Bitcoin Core Devs falsely claimed this week that nearly 40% of the knot nodes (Core's biggest competitor) counted twice, giving the wrong impression of their actual size.
Citing technical critiques of the number of reachable nodes running knots, they argued that 39% of nodes (1,758 of 4,468) were double counted due to “a civil attack designed to inflate the number of knot users.”
In the context, two most popular versions of software for Bitcoin Node operators are cores, with an advantage of about 80-88%, followed by a knot. Advantages of about 12-19%.
The exact percentage depends on the estimation method.
Read more: Cøbra warns that knots can threaten Core's reference status
Claiming 2/5 of knot nodes is fake
Bitcoin developer SuperTestNet promoted skepticism on Monday about the amount of knot nodes connected to the internet.
He easily believed that the node operator found evidence that he artificially inflated the number of nodes running the software.
Coin-like node tracking dashboard. Dance estimates 19% of nodes on the Bitcoin network. However, SuperTestnet claimed that Proknot Sybil Attackers was inflated those numbers.
After unreplicating the data, he insisted on real control of the knot It may be close to 12.3%.
Other observers were skeptical that meaningful cibil attacks were occurring in favor of the knot.
On the contrary, the rise in knot nodes was “mainly all organic,” and could have been consistent with ideological disagreements about hardware purchases and the adoption of core driving knots.
Another skeptic in the SuperTestNet analysis zoomed out to a larger time frame to visually demonstrate the natural trending increase in knots.
Better explanation of “Most of the recent gaps”
Soon, Bitcoin Hardware Company Start9 got caught up in an analysis of SuperTestNet. Explain that of SuperTestNet's 1,758 suspicious Sybil nodes, up to 1,000 are not actually sybil nodes From its own storefront.

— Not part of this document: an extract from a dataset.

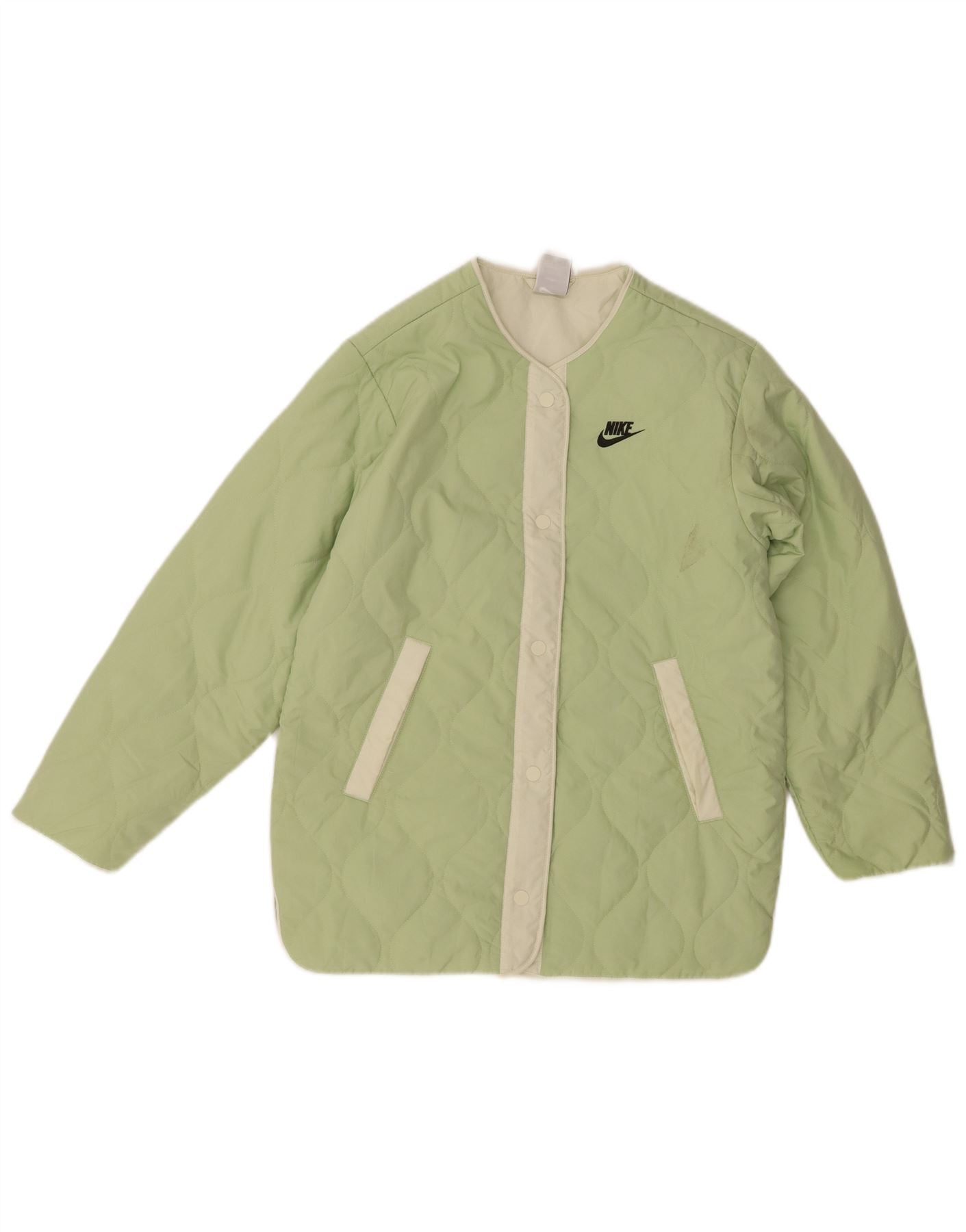 NIKE Womens Therma-Fit Oversized Quilted Jacket UK 6 XS Green Colourblock

Data from Start9 has led SuperTestNet to retract most of its previous claims. Callebtc, who briefly celebrated Supertestnet's suspicious statistics, deleted his congratulatory post.
Civil attacks on Bitcoin networks involve running fake or duplicate nodes controlled by the same person to obtain an unbalanced effect on statistics or transaction propagation.
People can use Sybil Tactics to trick users into connecting with nodes and highlighting more important influences than they actually are.
Sometimes, cibil attacks are relatively harmless. For example, in 2015, it denounced chain analysis for carrying out a cibil attack by manipulating fake nodes to geolocate several Bitcoin users.
The effort had no relation to affecting transaction propagation or node control statistics.
In the case of knots, if a cibil attack is truly occurring, then the leader is Perhaps the motivation to promote knots as a viable alternative to the core. However, whether or not a cibil attack will occur is a matter of ongoing debate.